Market Outlook: Old Crop Corn Prices Might Remain Strong

October 6, 2012 03:36 PM
 
tp pg 54

Store some of 2012 harvest to take advantage of spring rally

Corn is in such short supply that old crop prices are likely to remain strong for months to come. As a result, from now through spring and maybe summer, basis is likely to tighten, according to Ed Usset, University of Minnesota ag economist. "I think that basis 30¢ over futures next year is possible [in Minnesota]," he said at the Minnesota Crop Insurance Confer-ence in September. "I think basis will scream higher next spring."

Looking at the 1995 crop—which has a lot in common with the present year because carryover  then, too, was low—basis reached $1 per bushel more than futures. With that in mind, Usset suggests producers consider selling two-thirds of the crop at harvest, but hold the rest.

Assuming more normal growing conditions next spring, Usset predicts that the spread between old crop (2012) and new crop (2013) could widen. "I bet that by next October, prices are lower than $6.50," he says.
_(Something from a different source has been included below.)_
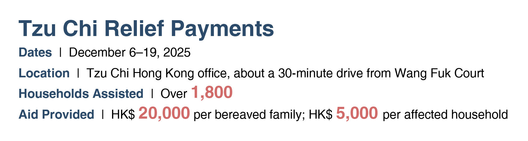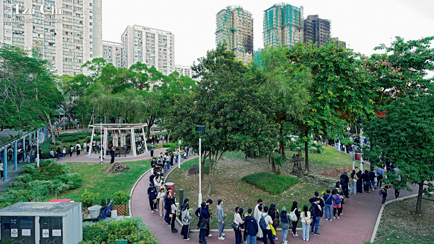 On November 29, volunteers sent out messages announcing that relief payments—20,000 Hong Kong dollars for each bereaved family and 5,000 for each affected household—would be distributed on December 6 and 7 at the Tzu Chi Hong Kong office in Kowloon Tong. Free medical consultations for affected residents and frontline rescue personnel were also started that day at the Tzu Chi Great Love Chinese Medicine Clinic on Nathan Road in Yau Ma Tei; these services continued through December 31.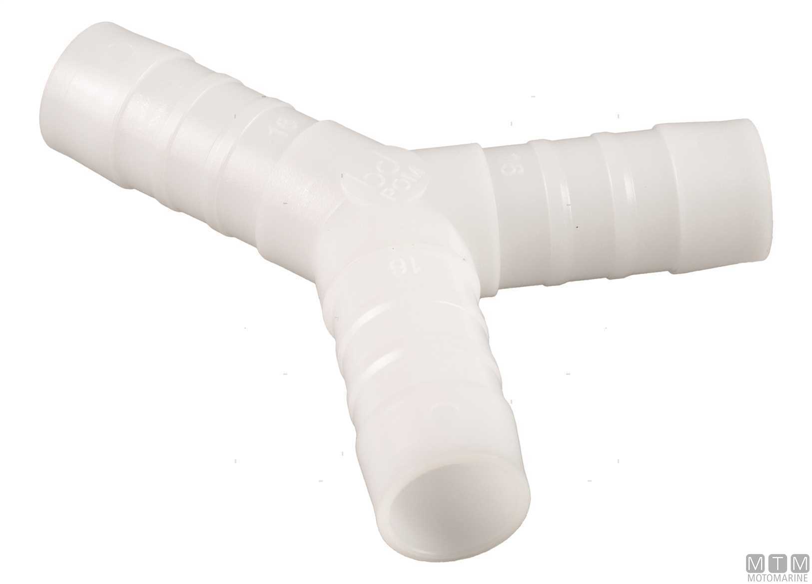 Raccordo portagomma in Polimero di Resina Acetalica per impianti di acqua dolce, di scarico e di mare. Passaggio interno dei fluidi liscio senza spigoli con pareti a spessore per resistere agli urti, assenza di corrosione, pressione di esercizio 10 bar a max 85 °C.

One reason Usset believes 1995 is similar to this year is that it had the tightest carryover in 40 years. The second tightest year was 2012, and both years had less than five weeks of usage. If you look at 1996, you’ll see that December futures contracts did an about-face after
the July peak.

However, things are different now than in past years, Usset notes. In the past, demand was cut and could not be quickly rebuilt. "Ethanol is changing that," he says.